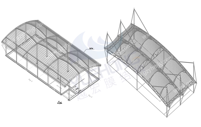 越宏膜結構廠家的廣州膜結構看臺是由鋼結構和膜材組成,分別有張拉式膜結構、索膜結構、骨架式膜結構、空間結構式等供選擇,根據(jù)不同場景進行設計出個性化膜結構。
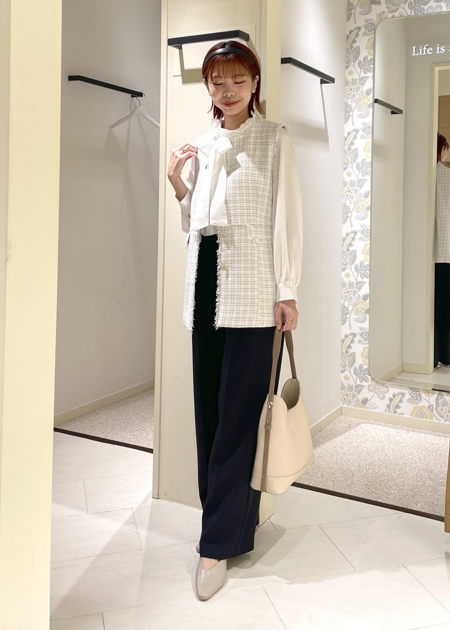 リボンは片結びで、ボトムにはネイビーのパンツを合わせることで甘すぎない大人カジュアルスタイルにまとめてみました。
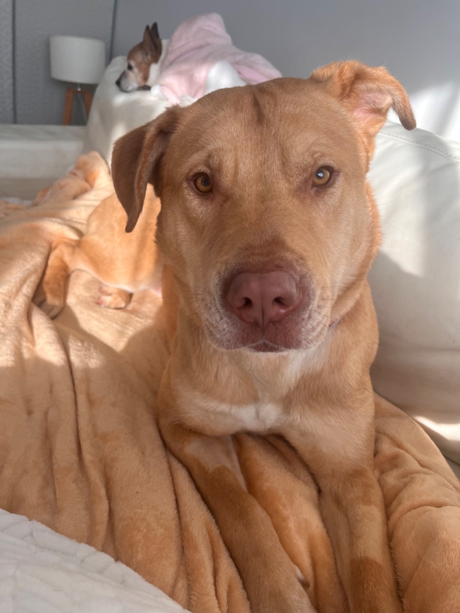 Whiskey is a desexed lab x staffy/ Sharpei mix - 2 yo he is an Affectionate loving and playful goofball..
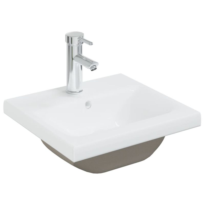 Този шкаф за баня с вградена мивка е идеален за вашата баня или тоалетна с впечатляваща, спретната визия. Шкафът е изработен от инженерно дърво, което го прави здрав и стабилен. Шкафът за съхранение има 1 отделение и 2 врати, предлагащи достатъчно място за съхранение на вещи. Пасва идеално под мивката ви и прави съхранението в банята доста удобно. Изработена от керамика, мивката може да служи не само за ежедневна употреба, но и като украса във вашето жилищно пространство. Благодарение на модерния и съвременен дизайн, този умивалник определено ще подхожда на всеки декор. Също така е оборудвана с преливник за изтичане на вода, когато се напълни твърде много. Нейната лъскава повърхност носи модерен, но елегантен дизайн. Освен това шкафът и мивката се почистват лесно с влажна кърпа. Моля, обърнете внимание: Доставката включва кран и преливник. Децата трябва да бъдат наблюдавани, за да се гарантира, че няма да си играят с уреда. Пазете децата далеч от зоната за сглобяване.Внимание: Прочетете внимателно инструкциите преди употреба и ги запазете за по-нататъшни справки.

▸ EXERCISE REQUIREMENTS
The expected output is the lines from the line that contains "Whiskey is a" through the last line of the material, reproduced exactly, with both ends present and pictures absent.

▸ EXERCISE RESULT
 Whiskey is a desexed lab x staffy/ Sharpei mix - 2 yo he is an Affectionate loving and playful goofball..
 Този шкаф за баня с вградена мивка е идеален за вашата баня или тоалетна с впечатляваща, спретната визия. Шкафът е изработен от инженерно дърво, което го прави здрав и стабилен. Шкафът за съхранение има 1 отделение и 2 врати, предлагащи достатъчно място за съхранение на вещи. Пасва идеално под мивката ви и прави съхранението в банята доста удобно. Изработена от керамика, мивката може да служи не само за ежедневна употреба, но и като украса във вашето жилищно пространство. Благодарение на модерния и съвременен дизайн, този умивалник определено ще подхожда на всеки декор. Също така е оборудвана с преливник за изтичане на вода, когато се напълни твърде много. Нейната лъскава повърхност носи модерен, но елегантен дизайн. Освен това шкафът и мивката се почистват лесно с влажна кърпа. Моля, обърнете внимание: Доставката включва кран и преливник. Децата трябва да бъдат наблюдавани, за да се гарантира, че няма да си играят с уреда. Пазете децата далеч от зоната за сглобяване.Внимание: Прочетете внимателно инструкциите преди употреба и ги запазете за по-нататъшни справки.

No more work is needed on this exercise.